Display Rate Trajectory

The human visual system can typically perceive images individually at a rate up to 10-12 images per second; anything beyond that is perceived as motion to the human eye. This is the starting point for humans to perceive motion pictures, and it began in earnest in 1891 with the invention of the kinetoscope, the predecessor to the modern picture projector. Although the primary comparison for this FOM resides in the film industry, it is not the only use. The gaming industry, theme parks, and now mixed reality technology all have a stake in optimizing this FOM for performance.

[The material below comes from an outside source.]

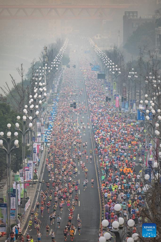 CHONGQING, 18 enero, 2026 (Xinhua) -- Competidores corren durante el Maratón de Chongqing 2026, en el distrito de Nan'an de la municipalidad de Chongqing, en el suroeste de China, el 18 de enero de 2026. Unos 25.000 corredores participaron en este evento deportivo celebrado aquí el domingo. (Xinhua/Huang Wei)

To create a convincing virtual experience, experts claim that 20-30 frames per second is required. That said, there is a long way to go for display rates to truly make the digital world indistinguishable from the real world. There will come a point when the display frame rate for mixed reality devices reaches the temporal and visual limit for human beings. In this case, humans will be unable to distinguish between the virtual environment and the real world. Some editorials refer to this as the “Holodeck Turing Test.”

It's worth noting the distinction between the Conscious Detection Rate and absolute human limits of perceiving display rates. This is called out in the technology roadmap because even though humans may no longer be able to consciously detect the frame rate above a certain point, there remains motion blurring that designers intentionally add to image frames to prevent stroboscopic effects. Because this added blur can also cause nausea and motion sickness for the user, Mixed Reality devices in the future must discover means to both remove blur and the stroboscopic effects. The only way to do this is through increasing frame rates, particularly above the Conscious Detection Rate. This provides an interesting challenge for our company's future R&D projects (see R&D section below) because increasing display rate reveals an interesting trade space between FOMs related to the display engine. (https://forums.blurbusters.com/viewtopic.php?f=20&t=3858)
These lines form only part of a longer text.